After, we went to the park. We were slowly making our way out of the run down part of town and to the populated side. Slowly, but surely. After walking in the park talking for a while, we drove to the beach. We just sat in the car and looked at the waves, not having brought anything with us.
"I love hiding in California," I said softly.
"Hiding in California. Never thought that would happen."
"I live in LA. People don't expect to find me not in LA. I say 'California' but I mean that I'm hiding from LA. I'm in other parts of Cali and not dealing with people. It's... Nice. I've come to enjoy the seconds of peace I get, where I didn't before." I shrugged.
He took my hand. "I'm glad that I came back. I missed you."
I looked at him, my eyes wide with shock and a little bit of worry. I didn't want to like him. But I did. My crush from not knowing him had gone to border line love as I got to know him. I never hated Thomas. Not once. In the week I got to know him and not again.
Everything he did made my feelings grow and I hated it. I hated these feelings for making me weak and open for any attack. I had to stay inside myself and hidden-but I couldn't do that with Thomas. No matter how hard I tried to.
"Wanna start some real drama?" He asked, smirking.
"Not really."
"Why not? Stir the pot. Let people see us together in public. Let's get things going!" He said, his smile growing.
"Drama isn't exactly fun," I groaned.
"It is when it's good drama. There are people who support you, Wendy. People who like you. People who know what really happened and can see it in the way you respond to everything. That waitress? She knows now too. That's why she was guilty. If we're going to hang out, I want people to know." He drove us to the most populated place where we were and parked. He offered his arm after he got out, went around, and opened my door.
"Join me in stirring the pot?" He asked, a mischievous smile on his face.
"Ugh. Fine!" I groaned.
"Yes!"
I took his arm and he pulled me up, into him. I stumbled a bit, and he caught me, wrapping me in his arms.
I coughed again, looking away.
"Are you blushing?"
"No."
"Mh hm."
"Shut up."
He let me go and I took his arm again. He walked us through to the park on the other side. "Wanna feed birds again? There's a place selling read right there! We can do that here." He sounded so giddy I couldn't say no.
He bought a loaf of bread and we went to a bench, across from a lady already surrounded my birds that were taking the bread off the ground.
I shook my head at Thomas as he excitedly got out bread and began tossing it on the ground. The mass of birds around the woman lessened as the stragglers, still hungry, came over to us.
We sat there until there were a bunch of birds around us too and we were half way through the loaf. The pieces we were using were small and one piece of bread fed a tons of birds. I got brave enough to put bread on my lap and let the birds hop up and eat from my lap and hands.
"Cool!" Thomas said, following me actions.

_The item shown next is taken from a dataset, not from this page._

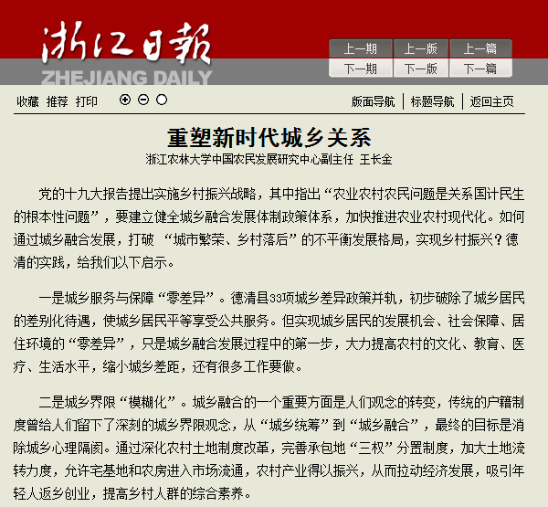 近日,《浙江日报》以大篇幅刊登我校中国农民发展研究中心副主任王长金评论文章《重塑新时代城乡关系》和法政学院教授马永双评论文章《幸福是奋斗出来的》。

He put a piece of bread on my head and a bird hopped up and just sat there. I giggled and it flew away. We put the food all over each other and let the birds eat off of us. We laughed and giggled and chuckled and had a grand ol time.
After we finished our bag, finally, we left. Thomas drove us to McDonalds and got two cones-they had the best ice cream-and fries-The also had the best fries. Both of us dipped our fries in the ice cream and ate them like that. We only ate once we parked, which happened to be in the McDonalds parking lot. I snuck out and got a Redbox movie. Then, after we are out food, we decided to go home.
"This place isn't far from my house. You can stay the night if you want. Why are you in Cali?" I asked.
"I was visiting with Dylan. But I'll be glad to stay the night."
He smiled at me and I rolled eyes.
"Come on Sangster. We have a lot of work to do," I said.
"Yes ma'am," he replied. I laughed and we took off.